Figure 3. Forest plot of comparing oral microbiota alpha diversity in OSA and non-OSA populations. (A) Chao1 index; (B) Observed species; (C) Shannon index; (D) Simpson index.
Among the 6 studies focusing on respiratory tract microbiota, α diversity was reported in 5 cohorts of them. No significant difference in α diversity was observed between groups with high heterogeneity across studies. The Chao1 index (SMD = 1.60, 95% CI = −1.41 to 4.61; I2 = 98%, p < 0.00001, n = 2), Shannon index (SMD = 0.49, 95% CI = −0.04 to 1.02; I2 = 88%, p < 0.00001, n = 5) were not significantly different between OSA and non-OSA (Figures 4A,B).
Figure 4. Forest plot of comparing respiratory tract microbiota alpha diversity in OSA and non-OSA populations. (A) Chao1 index; (B) Shannon index.
3.3 Beta diversity
Out of all the studies included, 17 studies reported β-diversity, predominantly utilizing UniFrac distances matrix and conducting PCoA analysis based on Bray–Curtis dissimilarity. Table 2 provides evidence supporting the findings: In terms of gut microbiota, 5 studies provide evidence supporting a discernible difference in the microbial composition between individuals with OSA and those non-OSA populations, while 2 studies suggest no significant distinction and 1 study suggest a significant distinction at the OUTs and genus level with no significant distinction at the phylum level. Regarding oral microbiota, 5 studies demonstrate a disparity in microbial structure between OSA patients and non-OSA populations, whereas 2 studies indicate no substantial variation. Concerning respiratory microbiota, 2 studies support the presence of dissimilarity in microbial composition between OSA patients and non-OSA populations, while another 2 studies suggest no notable difference.

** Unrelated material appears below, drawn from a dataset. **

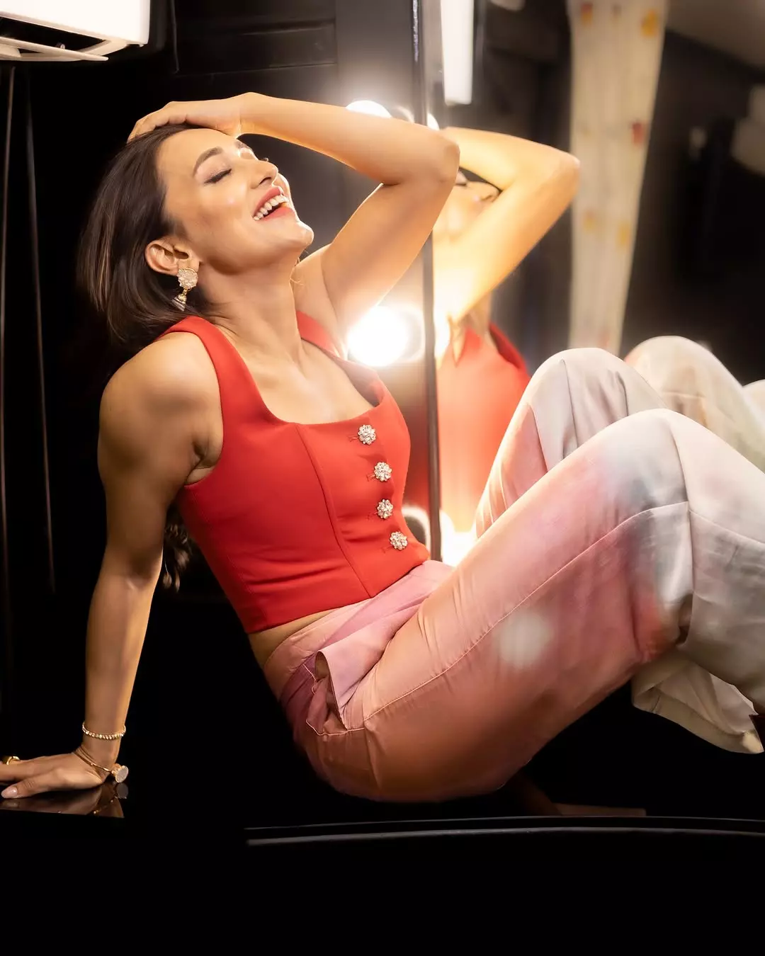 One hand on her hip, the other casually behind her head, Mimi serves unapologetic attitude and legs-for-days glamour that only the Tollywood queen-turned-MP can pull off so effortlessly.
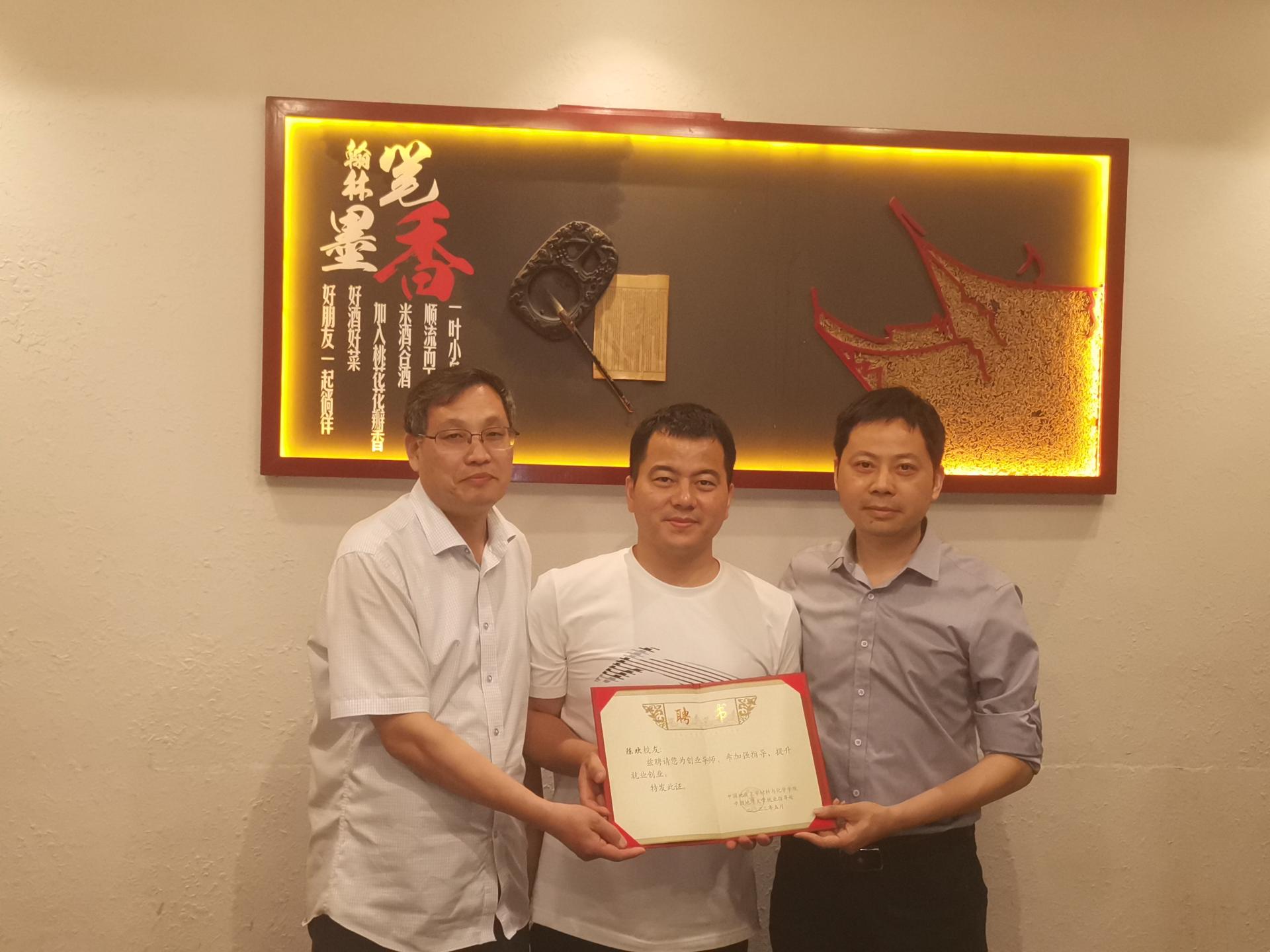 图为陈欢学长颁发创业导师聘书(左 刘世勇 中 陈欢 右 胡兆初)

Table 2. Summary of beta diversity assessments in the included studies.
3.4 Relative abundance of microbial taxa
Bacterial abundance data were available in 11 out of 13 studies investigating the gut microbiota, in 7 out of 10 studies examining the oral microbiota and in 4 out of 6 studies examining the respiratory tract microbiota, which facilitated the evaluation of alterations at phylum and genus levels relative to the abundance of gut and oral microbiota between individuals with OSA and those non-OSA populations. Figure 5 provide the comparison of relative abundance of bacteria in OSA patients and non-OSA population.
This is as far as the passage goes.